Posted Aug 03, 2009 08:31 pm CDT
Drawing a sharp contrast between the Bush and Obama administrations, without ever naming the former, U.S. Attorney General Eric Holder told the ABA House of Delegates that “we no longer must choose between more prisoners or more crime.”
He declared the Department of Justice under his watch will “embrace the modern, evidence-based process” of policy-making. “We need to move past labels and catchphrases”—such as the slogan “getting tough on crime”—“and use science and data” to drive policy decisions, he said.
“We must be tough on crime, but we must also commit ourselves to being smart on crime,” he said.
Since 2003, spending on incarceration has continued to grow, while crime rates have stopped declining, he said. Now, one of every 100 adult Americans is incarcerated— the highest incarceration rate in the world, he said.

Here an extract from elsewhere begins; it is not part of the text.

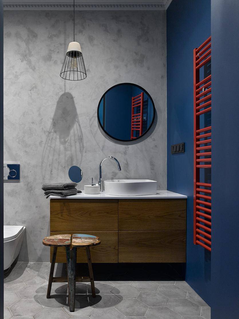 Ключевым элементом комнаты способна стать ванная необычного оттенка или формы. Сыграв на контрасте, можно придать помещению оригинальности и эффектности.
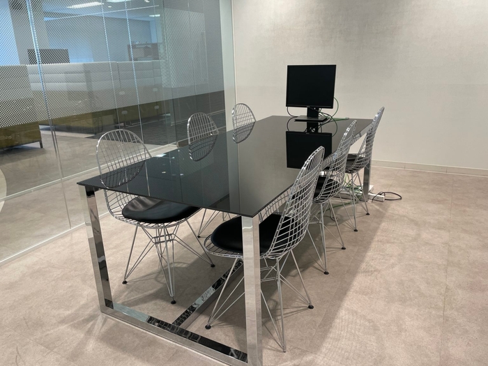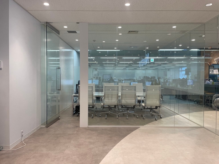 執務スペースとを隔てる間仕切りはガラス仕様の間仕切りで、スタイリッシュな印象です。

As evidence of how DOJ will implement a data-driven approach, he noted that federal prisoners who go through a drug treatment program are 16 percent less likely to be arrested and returned to prison. Those who work in prison industries are 24 percent less likely to commit a crime again. Those who go through prison education programs are 16 percent less likely to be arrested again, he said.
Most crimes are committed by people who have already committed crime, he noted. More than 65 percent of former state prisoners and 40 percent of former federal prisoners are rearrested within three years of their release, he said.
“Even a modest reduction in recidivism would prevent thousands of crimes,” Holder said.
He also promoted more drug courts that push defendants into treatment, rather than prison. “These programs give no one a free pass,” he said. New York state has been a leader on drug courts. In that state, the prison population has dropped by 12,000 inmates since 1999, even while the overall crime rate has declined 27 percent, he said.
In the only section of the speech that was interrupted by applause, he also called on more spending for indigent defense counsel, noting only 3 percent of all criminal justice spending goes toward lawyers for the very poor. Better representation at trial can reduce spending on years of appeals, he said.
“It’s time to move past politics and ideology,” Holder said, “and move forward to a criminal justice system that is fair and effective.”